Recently there was an exchange between a senior Russian church official and a Russian Foreign Ministry official in which both largely fault the West for the current Mideast tumult and for the torment of Christians there, while crediting Russian policies. The Russian Orthodox Church posted an English language transcript presumably to influence Western opinion.

Here's part of the exchange between Metropolitan Hilarion of Volokolamsk, who chairs his church's Department of External Church Relations and who hosted the televised interview, and Russian Ministry of Foreign Affairs Commissioner for Human Rights, Democracy and Rule of Law, Constantine Dolgov:

Metropolitan Hilarion: In the recent years, the Russian diplomacy has exerted special efforts to improve the situation in the Middle East. The Russian Orthodox Church, primarily in the person of the Patriarch, keeps raising the alarm. We speak of this problem in each place possible, such as international platforms and the mass media, because until recently this problem was hushed up as if non-existent; it was simply ignored. Only after the ISIS militants began terrible mass executions of Christians the world community began speaking about this problem out loud. It happened only after the number of Christians in Iraq decreased by times and almost no Christians remained in Libya and after the Christian community in Egypt had a hard time. The world community has at last begun speaking out against the background of general instability and uncertainty, against the background of the Arab Spring developments, against the background of what is going on now in Syria, where militants in the occupied territories are systematically eliminating Christians and Christian shrines.

The question arises inevitably here: why the so-called Christian West, at least in the eyes of many Muslims, supports these destructive forces and the so-called opposition in Syria?

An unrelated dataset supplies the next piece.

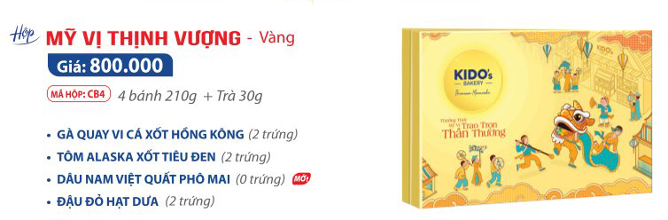 3, Hộp bánh trung thu cao cấp Kido - MỸ VỊ THỊNH VƯỢNG vàng: giá 800.000 VNĐ gồm 4 bánh x 210gr + 1 hộp trà 30G

Why did the West support and actually initiate the overthrow of the regime in Iraq? Yes, we understand that the regime that existed in Iraq could be viewed differently and could hardly be regarded as model. But when a regime that somehow or other keeps the whole country from a disaster is overthrown an utter chaos comes in and a civil war begins, for the overthrow of a dictatorship does not at all mean that it will be surely replaced by a democracy. And those who did it now wash their hands saying: We have nothing to do with this; we have done our work; now let them themselves sort it all out. And how they can sort it all out on their own when the whole infrastructure of the country, political and economic, is destroyed and the interreligious and inter-ethnic balances, which existed for centuries, are violated?

Now we have found ourselves in a situation when the whole Middle East is affected by this blight of terrorism, when the fire of civil war and inter-ethnic confrontation is blazing, when Christians are methodically eliminated, that is, when the genocide of Christians is raging. Let us call things by their proper names. True, the western society has paid attention to it at last. Thanks God, they have started speaking about this problem even in the UN. But is it not late?

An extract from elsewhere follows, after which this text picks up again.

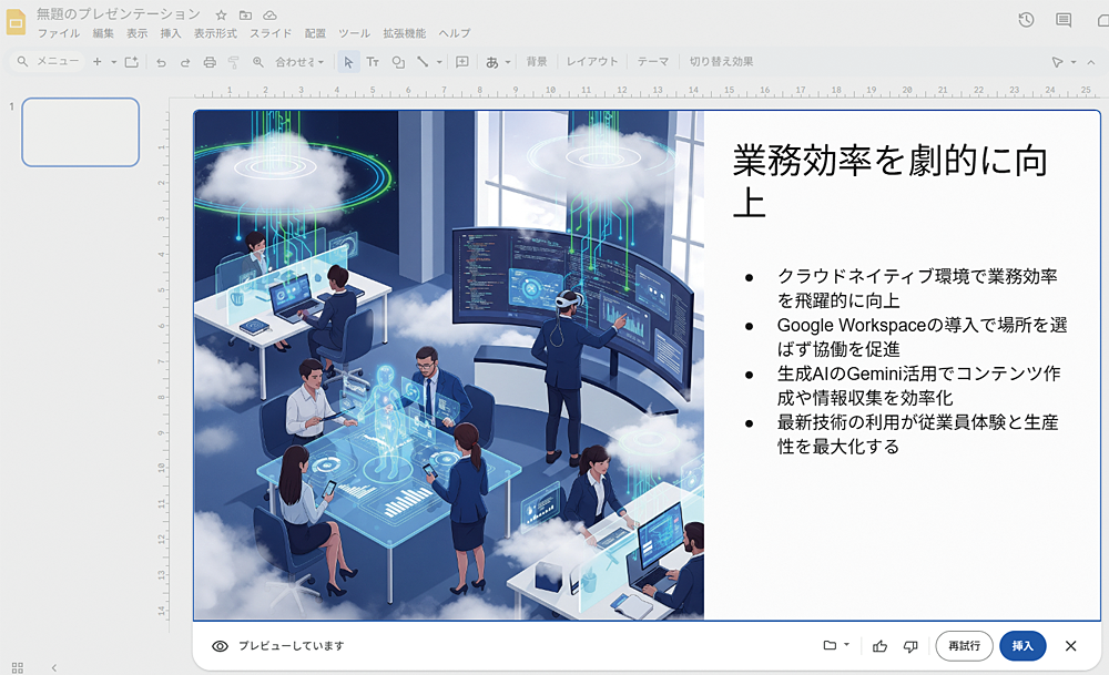 最後に紹介するのは、Google スライド のサイドパネルです。これは、実際のスライド作成・編集画面の中で動作するAIです。画像生成機能を使えば、オリジナル画像をその場で生成して挿入できます。

C. Dolgov: You are absolutely right in analyzing the actions of western countries, in the first place, the United States of America, as regards a number of countries in the region. Of course, what happened in Iraq (we repeatedly gave our assessment to it) was a glaring violation of international law. Of course, the military operation was undertaken bypassing the UN Security Council, without its sanction. The consequences of these illegal and wrong actions are such as they are.

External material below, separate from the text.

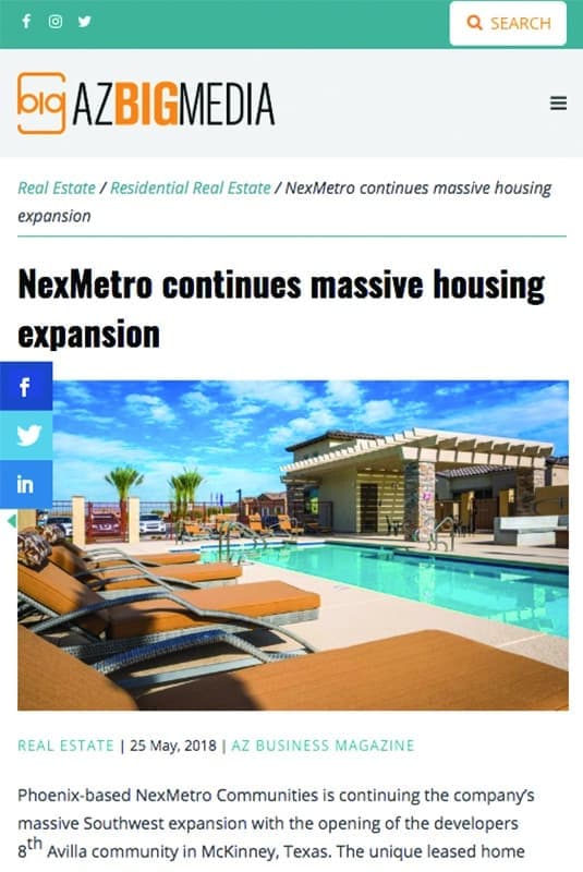 The Goodyear asset represented the company's official entry into the Phoenix market in 2014 after a group of innovative entrepreneurs developed the Avilla Homes prototype with seven rental neighborhoods in Tucson, Arizona starting in 2011. NexMetro was recently ranked #119 on Professional Builder's 2018 Housing Giants List (a 47% jump from the year prior) because of its unique detached single family rental production.

Really, in Iraq – and I would add Libya – there was a violation of international law by the coalition of states led by the USA and NATO. Again, we see a situation which is not just far from being ideal in the human rights area but constitutes a glaring violation of the principle of supremacy of law. Of course, it is civilians who suffer in the first place. Regrettably, not least suffering is the Christian population. I agree with your assessment of the situation as genocide. Indeed, many actions including the mass murder of Copts in Egypt confirm it. Not long ago, another terrible incident took place when several dozen Coptic Christians were brutally killed. And certainly, the murder of Christians in Syria can be viewed as genocide in the sense of the 1948 Convention.

Here are my comments:

Hilarion asks "why the so-called Christian West, at least in the eyes of many Muslims, supports these destructive forces and the so-called opposition in Syria?" He's vague about which "destructive forces" but faults Western support for the anti-Assad opposition. That support has actually been non existent to minimal, which meant Sunnis in the Arab sheikhdoms have provided nearly all support for the Syrian opposition, effectively extinguishing relative moderates and empowering Islamists. It's facile to fault the West for the revolt against Assad, which began peacefully. His Baathist regime is brutal and has always been a minority regime. That it would eventually explode was never a surprise. Assad's father was a client of the Soviet Union, and the son is a client of Iran and Russia, to whom he provides a Mediterranean naval port. Russians, whether Soviet or Putin, have found the Assads useful.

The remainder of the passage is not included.